An art exhibit, “Transcendent”, launched by Italian artist Giuseppe Strano Spitu and his two Vietnamese counterparts, Bang Si Truc and Vu Pham Truong Minh, kicked off yesterday at 18 Le Phung Hieu, Hoan Kiem district.
Their exhibited artworks tend to land spectators in a carefree state and lead them to triumph over their turbulent psychological crises.
“The special lighting effects of my works create a special feeling of co-existence of elegance and materials,” Spitu shared.
Meanwhile, Minh, the youngest of the threesome, chooses to share his ideas and feelings with viewers most directly and quickly through Pop art, in which material is sometimes visually removed from its known context, isolated, and/or combined with unrelated material.
The exhibit is part of the “2014 Italy – Vietnam” program, which is launched by the Italian Embassy to Vietnam and runs until May 2.

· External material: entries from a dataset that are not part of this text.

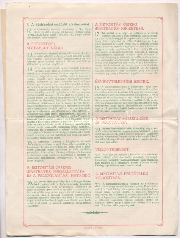 Bia 1929. A Pesti Hírlap előfizetőinek szóló baleset biztosítási okmány 10.000P értékben, a Angol Elemi Biztosító Rt. reklám nyomtatványával és egy feladóvevénnyel T:II-
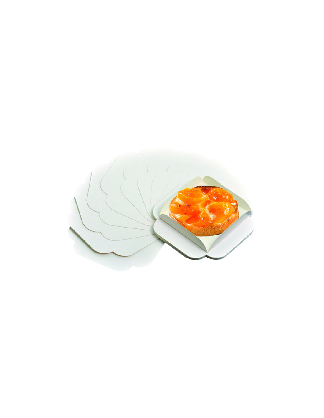 Cartón ranurado cuadrado de 13 cm + 3 cm. Pack de 250 unidades. Ideal para presentación de postres y monoporciones.
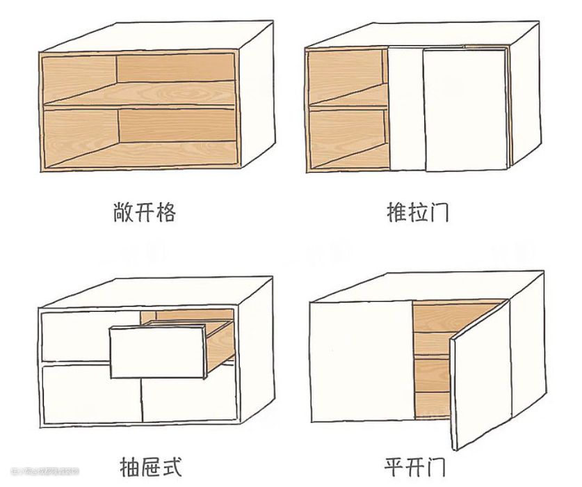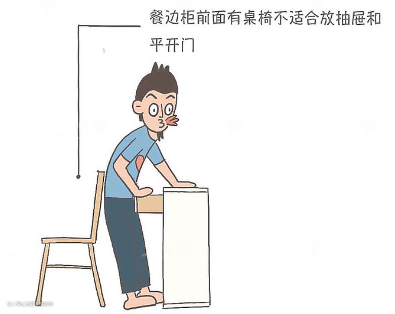 - 如果餐边柜前面有桌椅,且中间过道较窄,柜门最好选择推拉门,不适合平开门或抽屉;
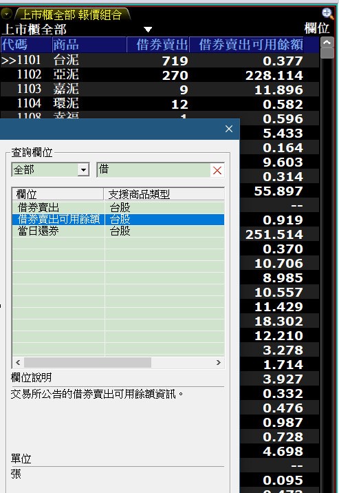 報價欄位是"借券賣出可用餘額",確切的用意思是當日限額的餘額,
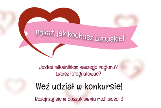 Jesteś miłośnikiem naszego regionu? Lubisz fotografować? Zapraszamy do udziału w naszym konkursie. Z okazji zbliżających się Walentynek przygotowaliśmy konkurs „Pokaż, jak kochasz Lubuskie!”. Wyślij pracę graficzną bądź zdjęcie i wyraź swoje uczucia, za co kochasz Lubuskie. Wszystkie prace 14 lutego br. zaprezentowane zostaną na telebimie przy urzędzie. A jedną z nagród jest sesja zdjęciowa w zabytkowych wnętrzach gorzowskiego muzeum. Zachęcamy do wspólnej zabawy!
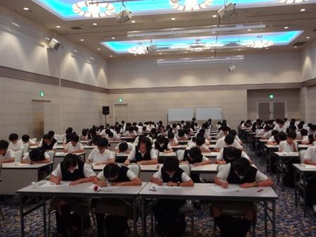 7月21日(日)から23日(火)まで西脇市の西脇ロイヤルホテルで中学1年生学習合宿を行いました。集中できる環境のもと、積極的に学習に取り組む姿勢を身につけさせ、1学期の総復習をすることが目的です。朝に西脇市内の古い町並みを散策する以外はひたすら学習です。1日8時間におよぶ学習を行い、最終日には、まとめテストを実施しました。生徒は、授業→自主学習→到達度チェックという学習のサイクルをつくり、目標を達成するために一生懸命取り組んでいました。
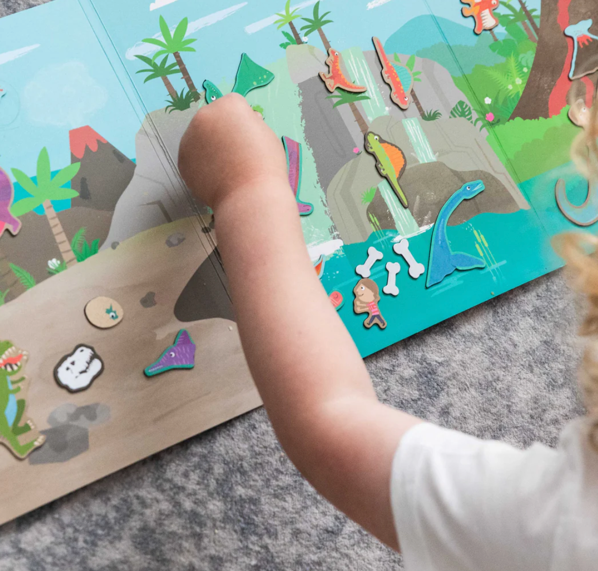 Dino World takes you back in time and on a big adventure through the jurassic world. Ride the waterfall, explore the erupting volcano, take care of a Dino egg! Loads of prehistoric characters to play with including a baby triceratops, a swimming plesiosaur and even a follis or two! Create a new scene every time you play. Then when you are finished, pack up is super fun with the ‘match the magnet pieces’ puzzle on the case! Job done.
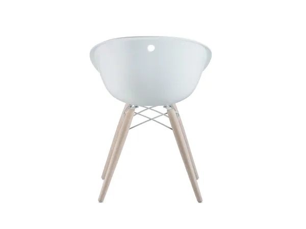 La silla Gliss Wood, diseñada por Claudio Dondoli y Marco Pocci para Pedrali, está dedicada a aquellos que quieren relajarse sin renunciar a la funcionalidad y la elegancia. Carcasa de tecnopolímero moldeada por inyección, las patas son de madera de fresno. La silla es muy resistente y cómoda. La madera de fresno puede ser blanqueada o teñida de negro, el tecnopolímero puede ser blanco o arena.
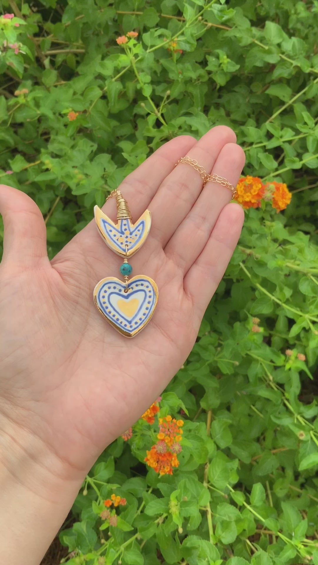 Make a bold statement with this Ceramic Milagro and Turquoise Charm Necklace. An eye-catching combo of a ceramic milagro heart and genuine turquoise pops against a backdrop of golden luster. Take a leap of faith and show off your one-of-a-kind style!
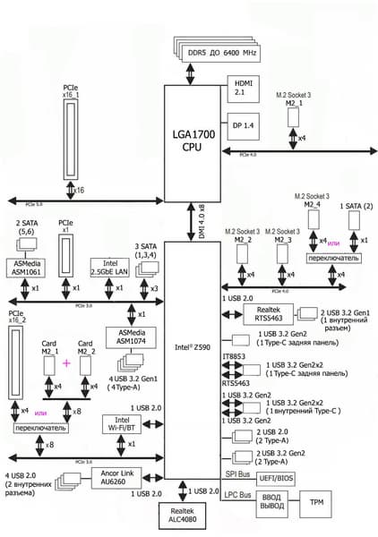 Процессоры Intel Core 12-го поколения (совместимые с сокетом LGA1700 и поддерживаемые Z690) имеют 20 линий ввода-вывода (16 PCIe 5.0, 4 PCIe 4.0), не имеют USB и SATA портов. При этом взаимодействие с Z690 идет по особому каналу Digital Media Interface 4.0 (DMI 4.0 x8). Все PCIe линии процессора идут на слоты расширения PCIe и порт М.2. Serial Peripheral Interface (SPI) используется для взаимодействия с системой UEFI/BIOS, а шина Low Pin Count (LPC) — для связи с устройствами ввода/вывода, не требующими высокой пропускной способности (контроллерами вентиляторов, TPM, старой периферии).

In the same vein, 21 Pop-art works by local artist Nguyen Trong Minh are also being exhibited at the Vietnam Fine Arts Museum, 66 Nguyen Thai Hoc, Ba Dinh district.
The artist adopts realism, combined with the mechanical means of reproduction or rendering techniques, which is typical of Pop art, to create his contemplative works.
The exhibit, “At the end of the queue”, runs until Apr 23.
Pop art is an art movement which emerged in Britain in the mid-1950s and in the US in the late 1950s.
Pop art employs aspects of mass culture, including advertising, comic books and mundane cultural objects as opposed to the elitist culture in art, most often through the use of irony.